> _Work instructions_
Leaving every picture out, repeat all of the entries below exactly.
**** Input records ****
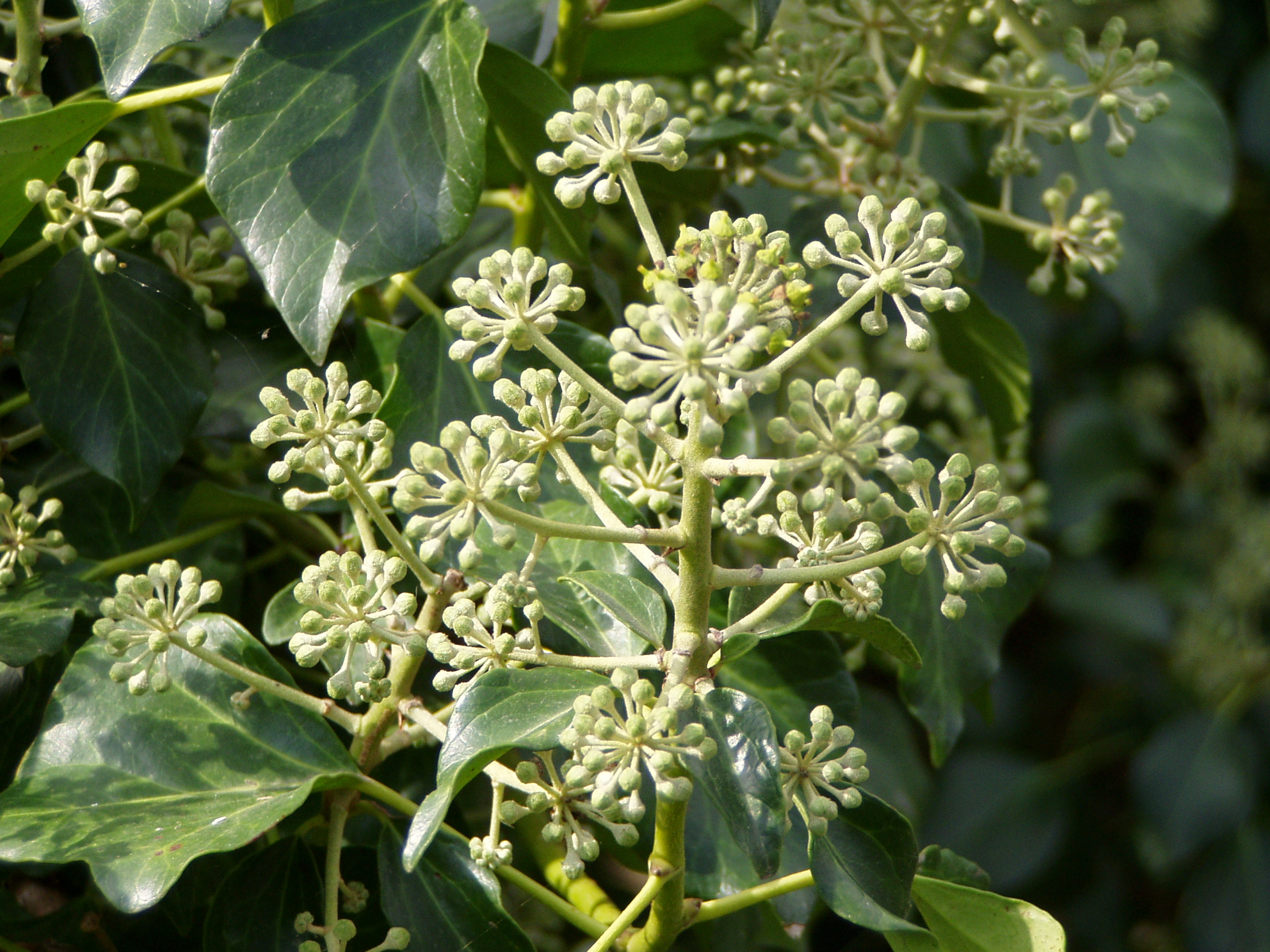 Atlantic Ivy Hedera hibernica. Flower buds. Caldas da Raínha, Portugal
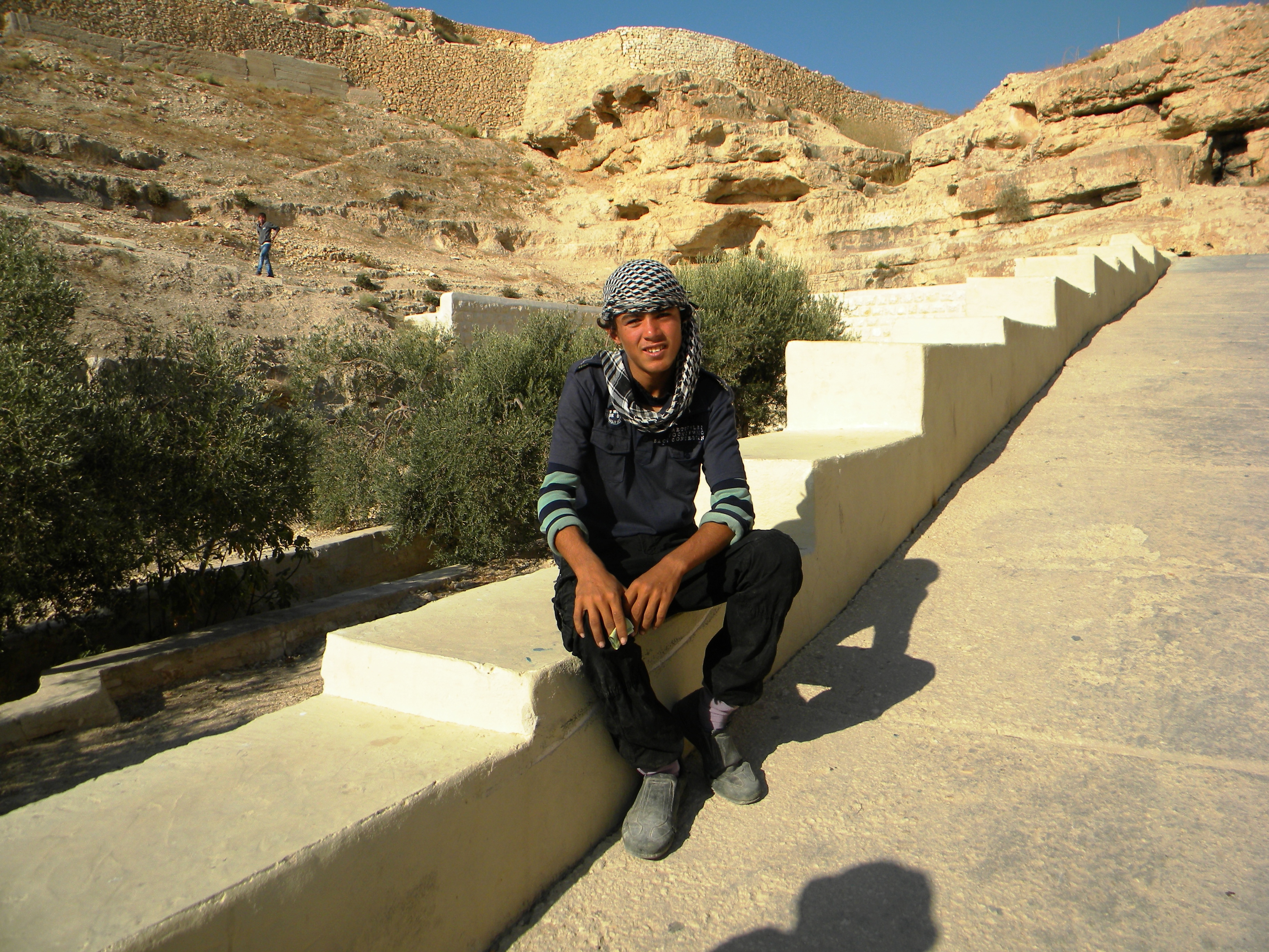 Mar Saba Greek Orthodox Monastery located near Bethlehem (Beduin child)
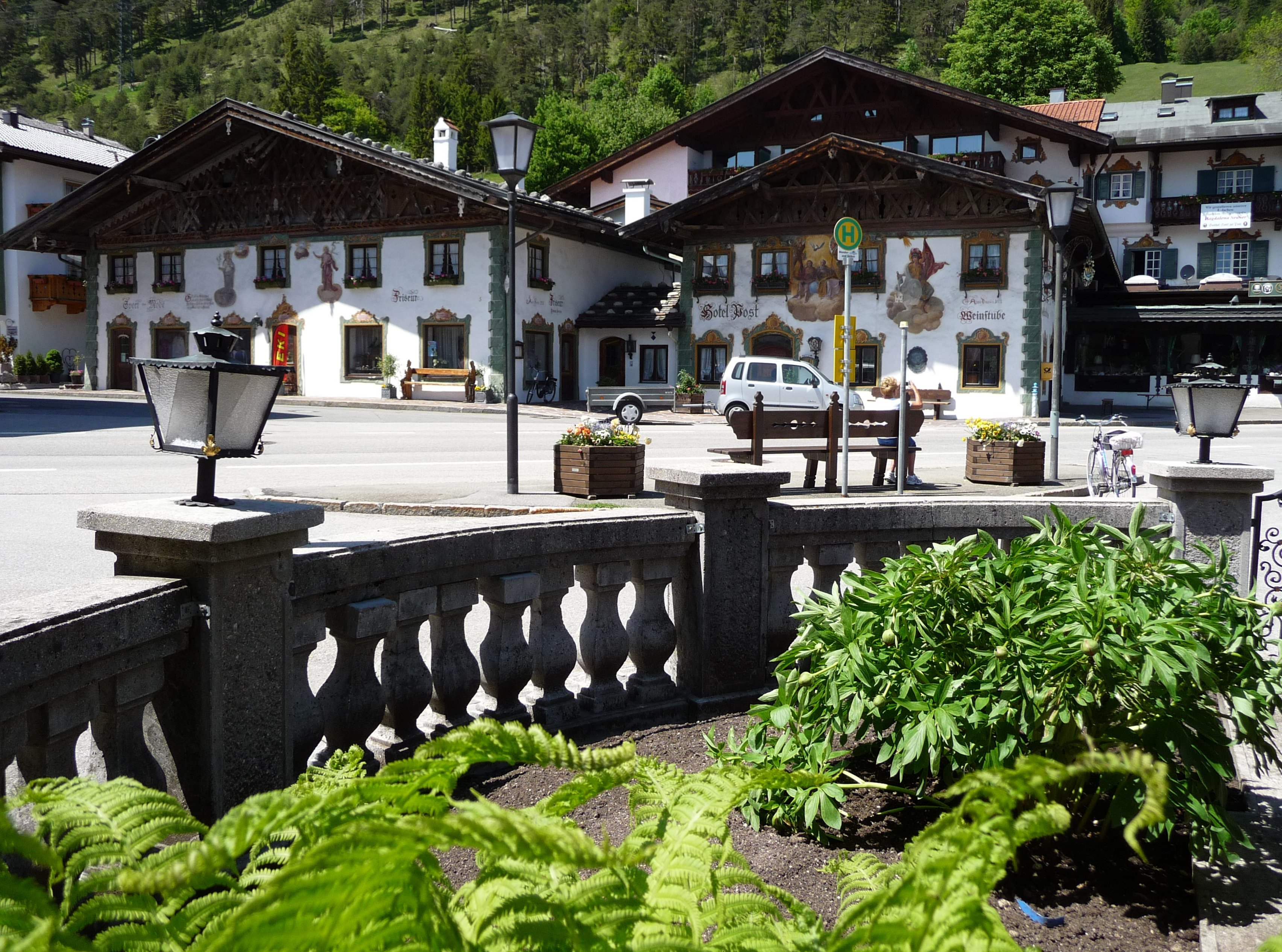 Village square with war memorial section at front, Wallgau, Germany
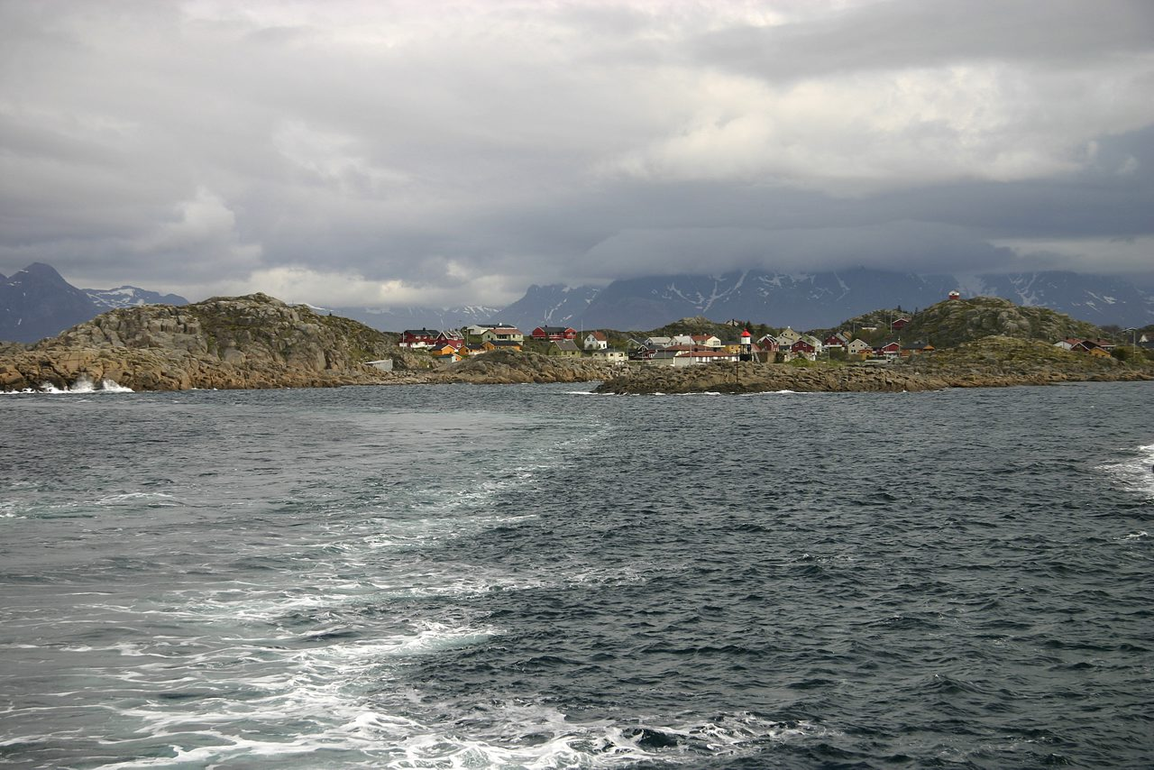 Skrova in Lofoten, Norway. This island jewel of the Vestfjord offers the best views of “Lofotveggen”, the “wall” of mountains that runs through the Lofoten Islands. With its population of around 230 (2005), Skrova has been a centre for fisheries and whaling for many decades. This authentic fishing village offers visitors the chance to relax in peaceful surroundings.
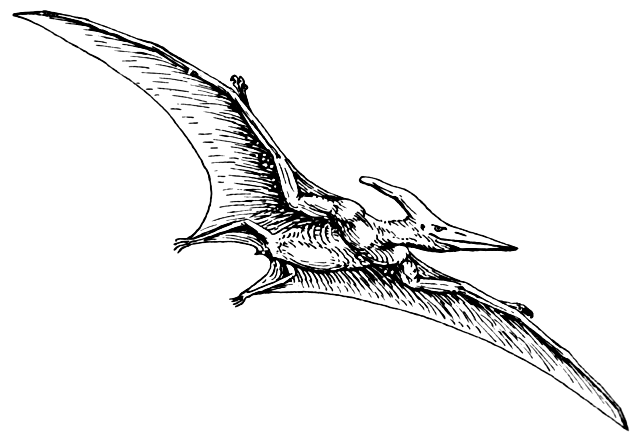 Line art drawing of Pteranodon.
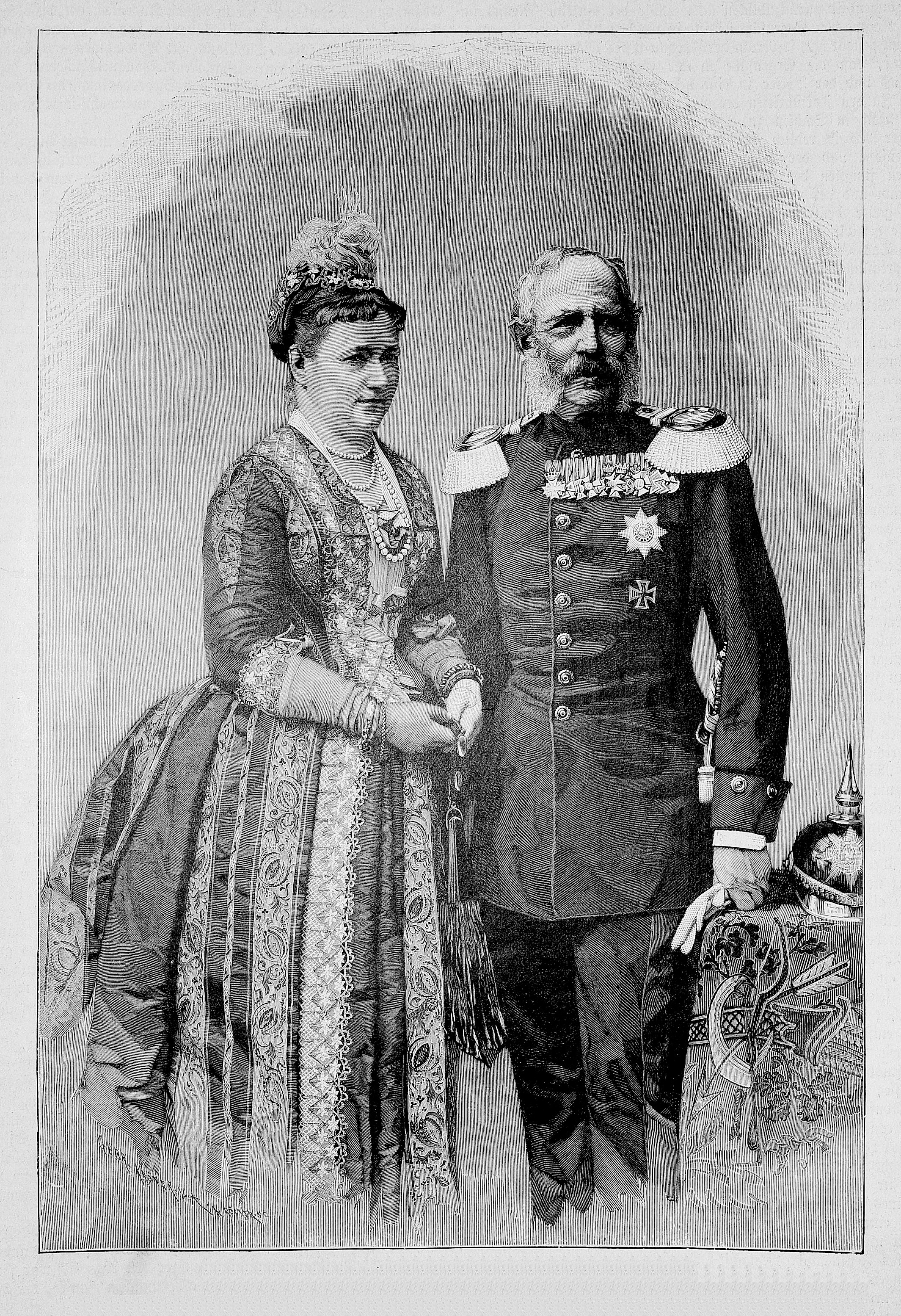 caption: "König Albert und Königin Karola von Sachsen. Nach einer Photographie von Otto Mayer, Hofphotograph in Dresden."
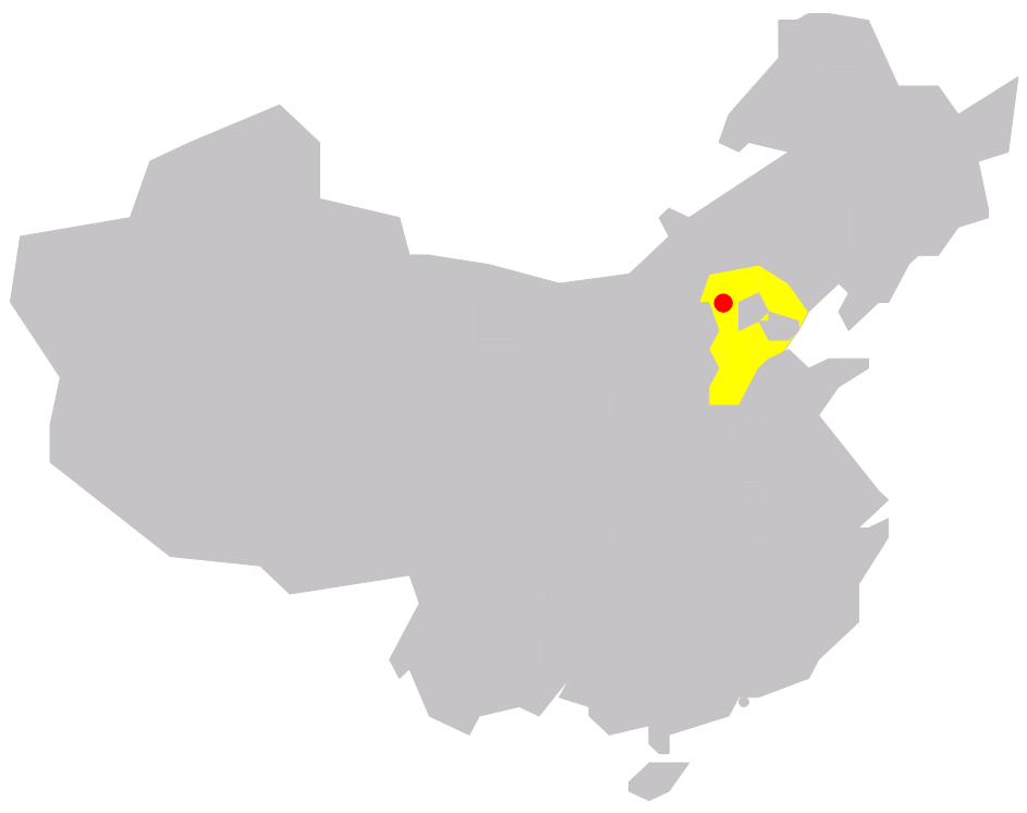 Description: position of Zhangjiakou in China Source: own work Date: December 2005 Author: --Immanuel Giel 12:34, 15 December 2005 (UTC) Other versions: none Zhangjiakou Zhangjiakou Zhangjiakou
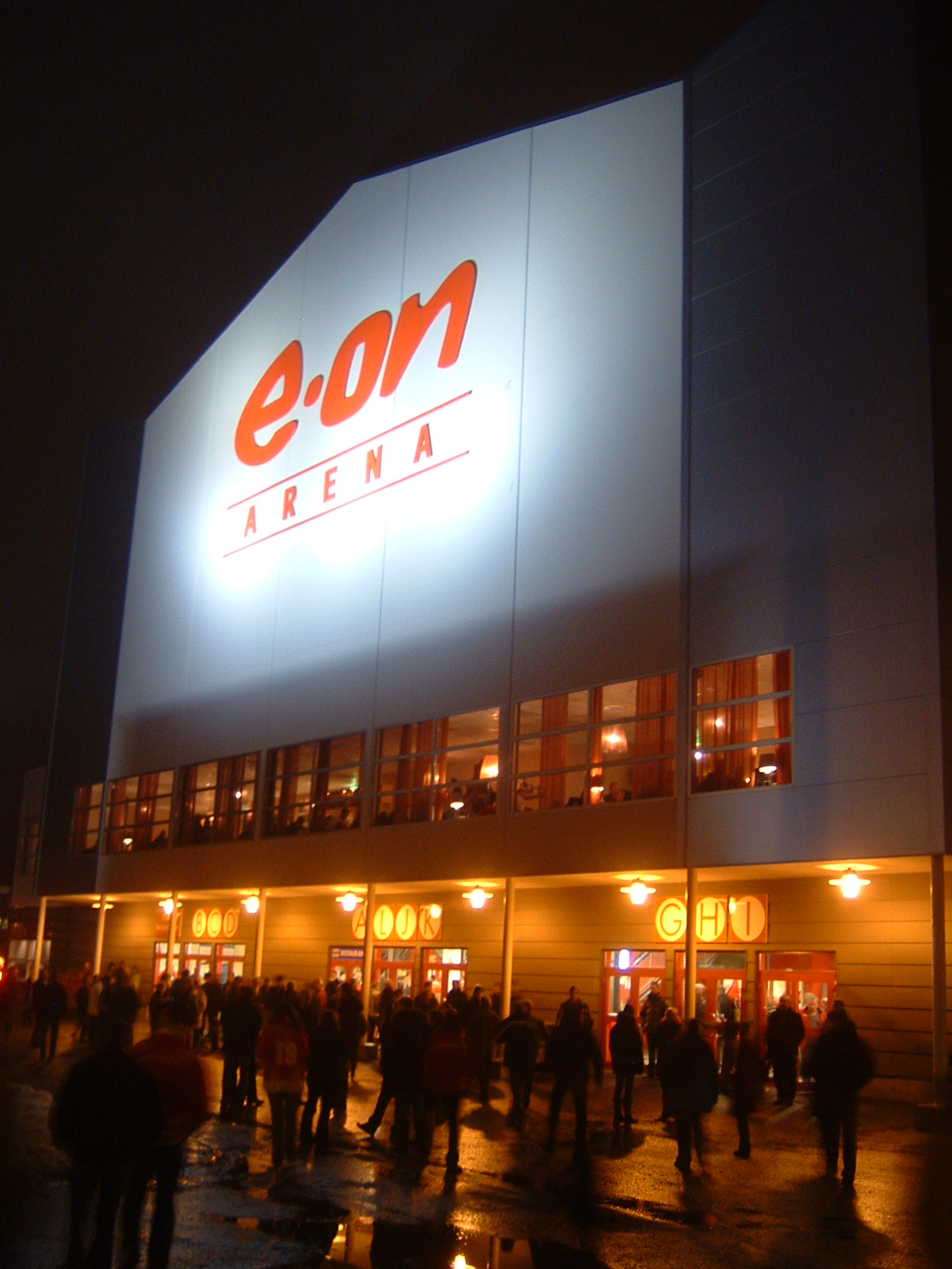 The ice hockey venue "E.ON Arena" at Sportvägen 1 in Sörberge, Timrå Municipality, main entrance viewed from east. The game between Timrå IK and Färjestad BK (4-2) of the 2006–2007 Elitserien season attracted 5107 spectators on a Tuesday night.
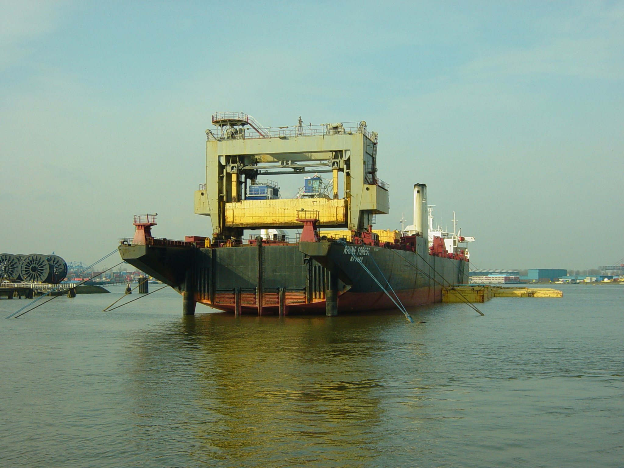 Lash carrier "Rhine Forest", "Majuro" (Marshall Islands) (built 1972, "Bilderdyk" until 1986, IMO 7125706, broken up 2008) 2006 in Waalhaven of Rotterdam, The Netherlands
****
> _Task output_
 Atlantic Ivy Hedera hibernica. Flower buds. Caldas da Raínha, Portugal
 Mar Saba Greek Orthodox Monastery located near Bethlehem (Beduin child)
 Village square with war memorial section at front, Wallgau, Germany
 Skrova in Lofoten, Norway. This island jewel of the Vestfjord offers the best views of “Lofotveggen”, the “wall” of mountains that runs through the Lofoten Islands. With its population of around 230 (2005), Skrova has been a centre for fisheries and whaling for many decades. This authentic fishing village offers visitors the chance to relax in peaceful surroundings.
 Line art drawing of Pteranodon.
 caption: "König Albert und Königin Karola von Sachsen. Nach einer Photographie von Otto Mayer, Hofphotograph in Dresden."
 Description: position of Zhangjiakou in China Source: own work Date: December 2005 Author: --Immanuel Giel 12:34, 15 December 2005 (UTC) Other versions: none Zhangjiakou Zhangjiakou Zhangjiakou
 The ice hockey venue "E.ON Arena" at Sportvägen 1 in Sörberge, Timrå Municipality, main entrance viewed from east. The game between Timrå IK and Färjestad BK (4-2) of the 2006–2007 Elitserien season attracted 5107 spectators on a Tuesday night.
 Lash carrier "Rhine Forest", "Majuro" (Marshall Islands) (built 1972, "Bilderdyk" until 1986, IMO 7125706, broken up 2008) 2006 in Waalhaven of Rotterdam, The Netherlands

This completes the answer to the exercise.